WHAT YOU WILL DO: In the listing that follows, the range to quote begins at the line that has "4-комнатная квартира, 140.5" and ends after the line that has "グッズ交換はJR沼津駅 南口アントレ2階 沼津観光案内所にて毎日、10:00から17:30まで交換を受け付けています。"; quote it verbatim and add nothing.

Segment Start: WORKING DATA

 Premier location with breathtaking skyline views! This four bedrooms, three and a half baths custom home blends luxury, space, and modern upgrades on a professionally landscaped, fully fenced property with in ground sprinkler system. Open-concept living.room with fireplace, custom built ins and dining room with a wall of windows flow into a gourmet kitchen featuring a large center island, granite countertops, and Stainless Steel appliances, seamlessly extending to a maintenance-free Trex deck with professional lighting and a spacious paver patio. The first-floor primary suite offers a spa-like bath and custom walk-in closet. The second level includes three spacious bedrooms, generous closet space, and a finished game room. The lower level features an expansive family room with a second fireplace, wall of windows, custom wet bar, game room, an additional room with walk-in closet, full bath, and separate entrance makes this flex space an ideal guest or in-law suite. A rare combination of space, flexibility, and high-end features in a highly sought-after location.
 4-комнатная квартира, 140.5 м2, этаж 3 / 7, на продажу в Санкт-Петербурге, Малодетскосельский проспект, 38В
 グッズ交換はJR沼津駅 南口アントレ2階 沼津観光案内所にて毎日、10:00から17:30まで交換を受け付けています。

Segment End: WORKING DATA
Segment Start: WORKING DATA

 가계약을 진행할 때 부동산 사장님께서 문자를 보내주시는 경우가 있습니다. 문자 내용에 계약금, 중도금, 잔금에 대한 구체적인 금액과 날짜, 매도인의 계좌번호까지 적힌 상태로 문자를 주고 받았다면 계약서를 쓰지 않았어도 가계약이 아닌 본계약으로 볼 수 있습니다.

Segment End: WORKING DATA
Segment Start: WORKING DATA

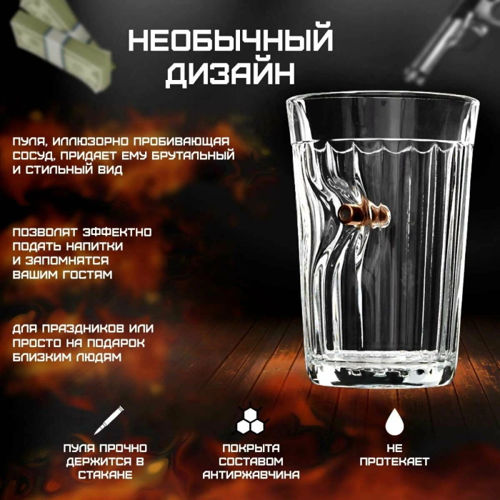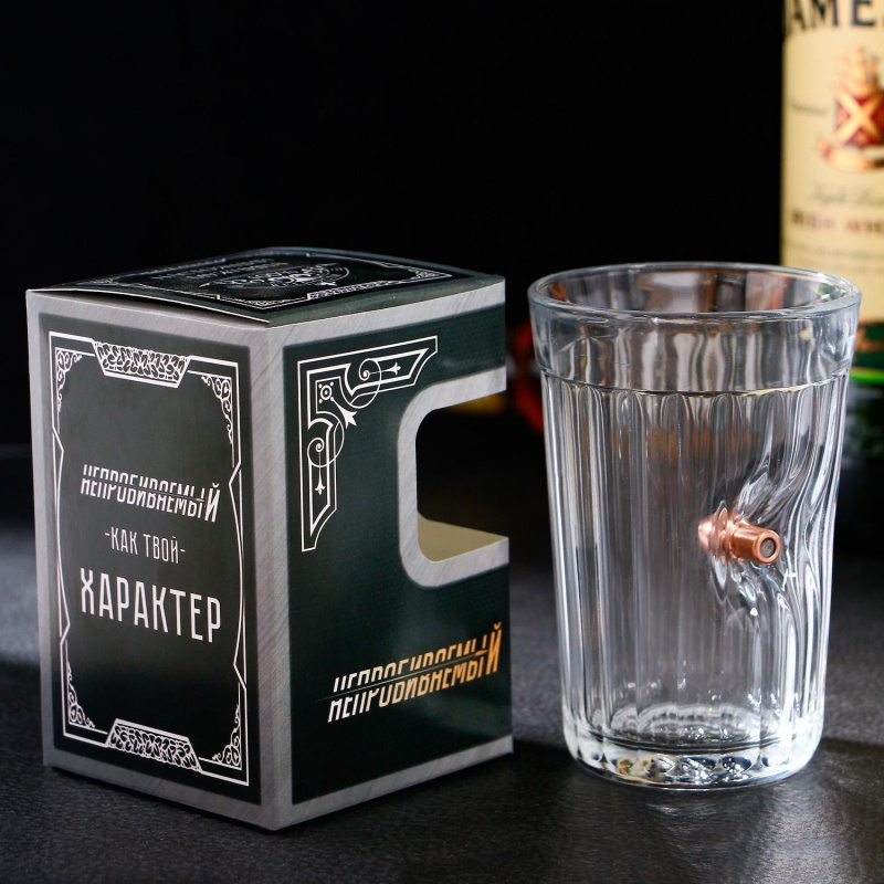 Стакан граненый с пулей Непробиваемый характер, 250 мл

Segment End: WORKING DATA

RESULT OF THE EXERCISE:
 4-комнатная квартира, 140.5 м2, этаж 3 / 7, на продажу в Санкт-Петербурге, Малодетскосельский проспект, 38В
 グッズ交換はJR沼津駅 南口アントレ2階 沼津観光案内所にて毎日、10:00から17:30まで交換を受け付けています。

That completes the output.